[DATA EXCERPTS]

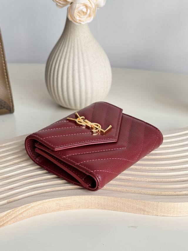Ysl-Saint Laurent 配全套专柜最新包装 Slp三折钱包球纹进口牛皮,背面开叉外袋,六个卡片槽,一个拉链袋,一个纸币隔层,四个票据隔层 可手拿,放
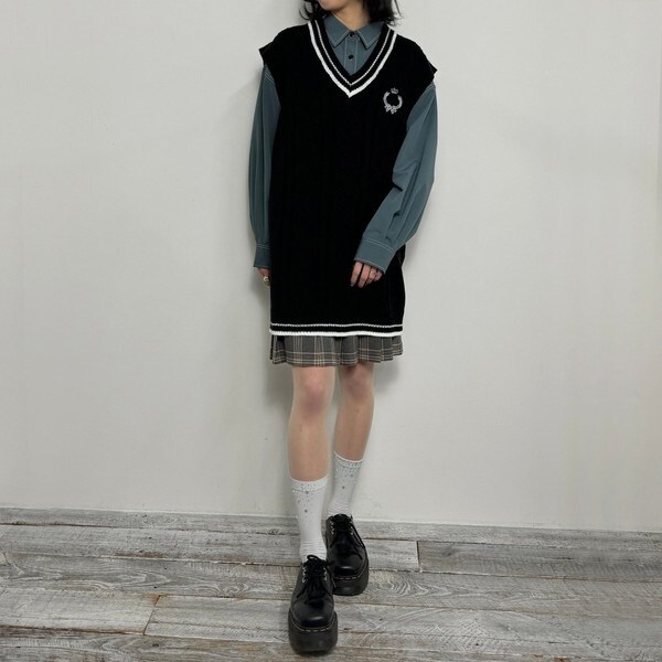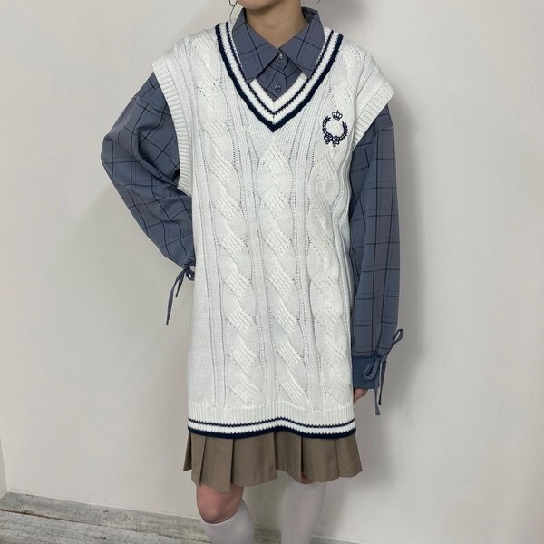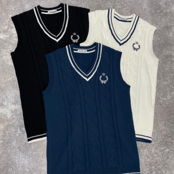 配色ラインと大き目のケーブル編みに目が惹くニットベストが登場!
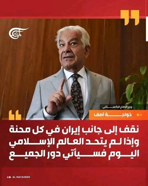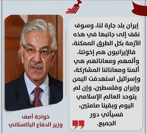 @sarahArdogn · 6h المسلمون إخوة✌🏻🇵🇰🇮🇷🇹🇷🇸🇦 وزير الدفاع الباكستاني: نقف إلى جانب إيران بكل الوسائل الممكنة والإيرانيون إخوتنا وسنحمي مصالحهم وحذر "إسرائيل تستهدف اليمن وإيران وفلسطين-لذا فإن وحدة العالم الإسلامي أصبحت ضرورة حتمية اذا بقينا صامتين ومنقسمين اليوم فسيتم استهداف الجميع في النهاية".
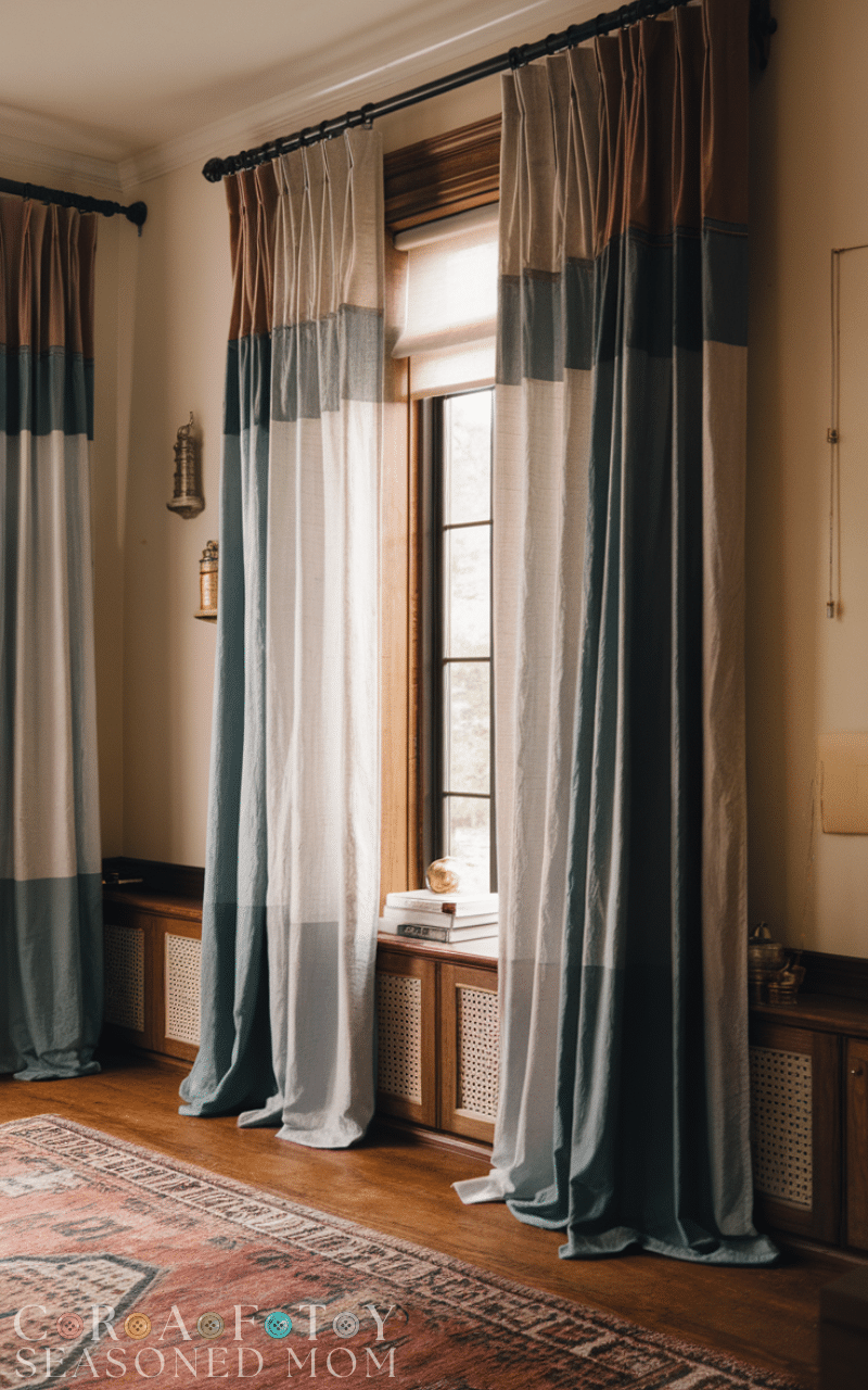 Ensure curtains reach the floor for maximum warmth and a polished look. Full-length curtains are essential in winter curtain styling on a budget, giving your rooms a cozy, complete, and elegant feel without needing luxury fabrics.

...

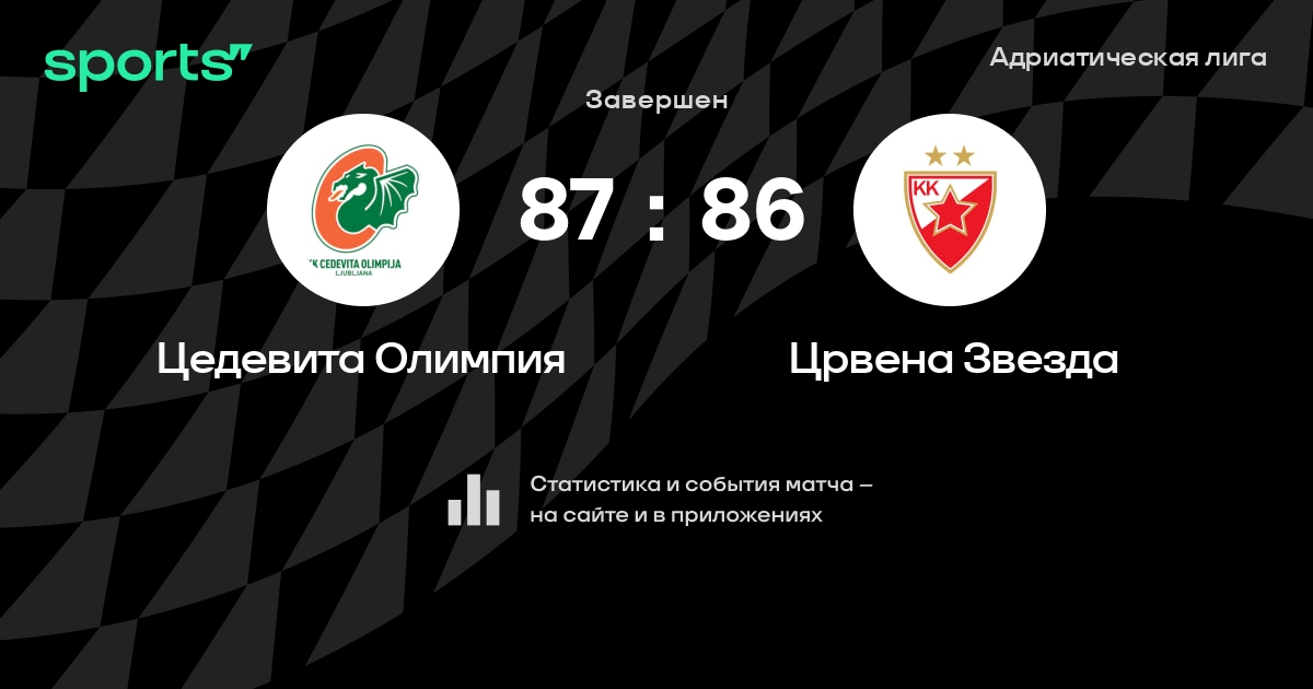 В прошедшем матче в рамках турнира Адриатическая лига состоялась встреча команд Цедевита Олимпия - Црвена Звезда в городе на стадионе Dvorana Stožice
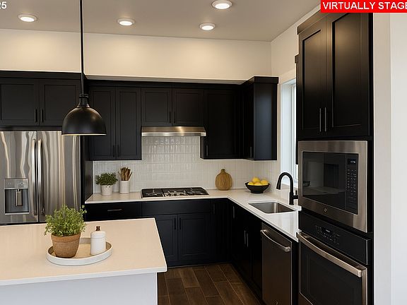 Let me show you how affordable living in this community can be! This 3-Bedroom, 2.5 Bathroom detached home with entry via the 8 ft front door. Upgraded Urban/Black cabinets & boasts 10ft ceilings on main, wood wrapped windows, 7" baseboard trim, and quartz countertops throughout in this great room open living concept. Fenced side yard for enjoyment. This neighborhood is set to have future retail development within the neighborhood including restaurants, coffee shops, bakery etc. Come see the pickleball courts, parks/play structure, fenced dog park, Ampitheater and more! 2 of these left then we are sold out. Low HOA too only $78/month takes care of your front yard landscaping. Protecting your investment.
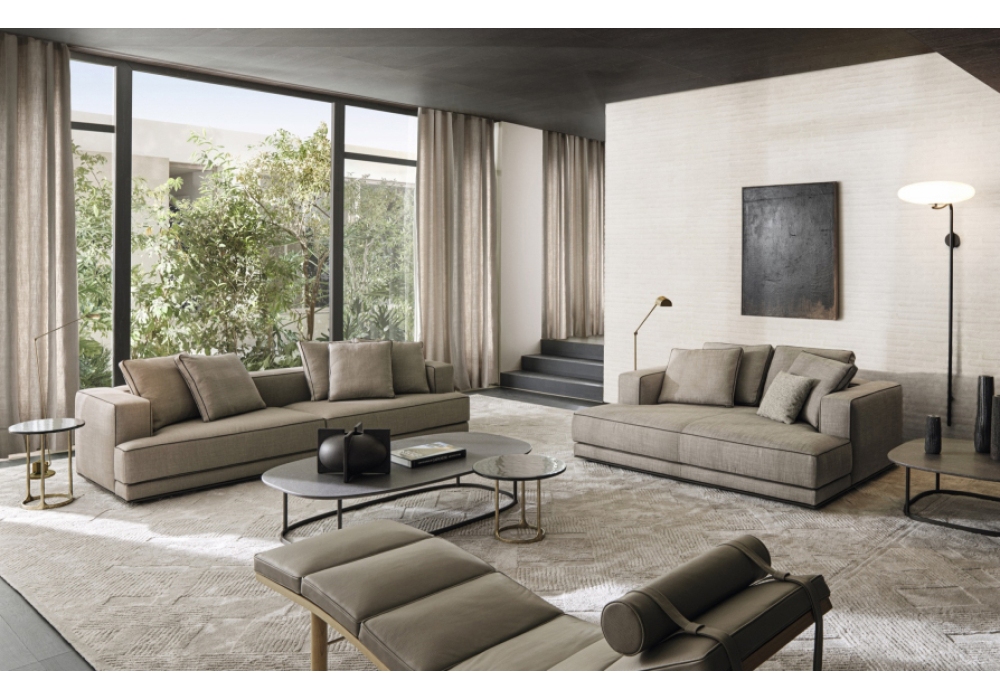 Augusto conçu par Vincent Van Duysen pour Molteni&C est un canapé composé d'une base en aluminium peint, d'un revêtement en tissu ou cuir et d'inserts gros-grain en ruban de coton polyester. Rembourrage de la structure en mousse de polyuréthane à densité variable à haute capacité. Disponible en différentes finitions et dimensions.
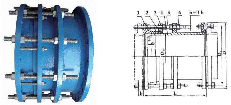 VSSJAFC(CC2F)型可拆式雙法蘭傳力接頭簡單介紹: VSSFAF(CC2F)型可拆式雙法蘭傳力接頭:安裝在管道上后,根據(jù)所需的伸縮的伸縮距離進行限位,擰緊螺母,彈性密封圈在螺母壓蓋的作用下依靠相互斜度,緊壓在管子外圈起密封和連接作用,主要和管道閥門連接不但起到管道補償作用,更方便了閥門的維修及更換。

[WHAT IS NEEDED] Return exactly the stretch above whose first line contains "Ysl-Saint Laurent 配全套专柜最新包装" and whose last line contains "Ensure curtains reach", and nothing outside it. The pictures should not appear.

[TASK RESULT]
Ysl-Saint Laurent 配全套专柜最新包装 Slp三折钱包球纹进口牛皮,背面开叉外袋,六个卡片槽,一个拉链袋,一个纸币隔层,四个票据隔层 可手拿,放
 配色ラインと大き目のケーブル編みに目が惹くニットベストが登場!
 @sarahArdogn · 6h المسلمون إخوة✌🏻🇵🇰🇮🇷🇹🇷🇸🇦 وزير الدفاع الباكستاني: نقف إلى جانب إيران بكل الوسائل الممكنة والإيرانيون إخوتنا وسنحمي مصالحهم وحذر "إسرائيل تستهدف اليمن وإيران وفلسطين-لذا فإن وحدة العالم الإسلامي أصبحت ضرورة حتمية اذا بقينا صامتين ومنقسمين اليوم فسيتم استهداف الجميع في النهاية".
 Ensure curtains reach the floor for maximum warmth and a polished look. Full-length curtains are essential in winter curtain styling on a budget, giving your rooms a cozy, complete, and elegant feel without needing luxury fabrics.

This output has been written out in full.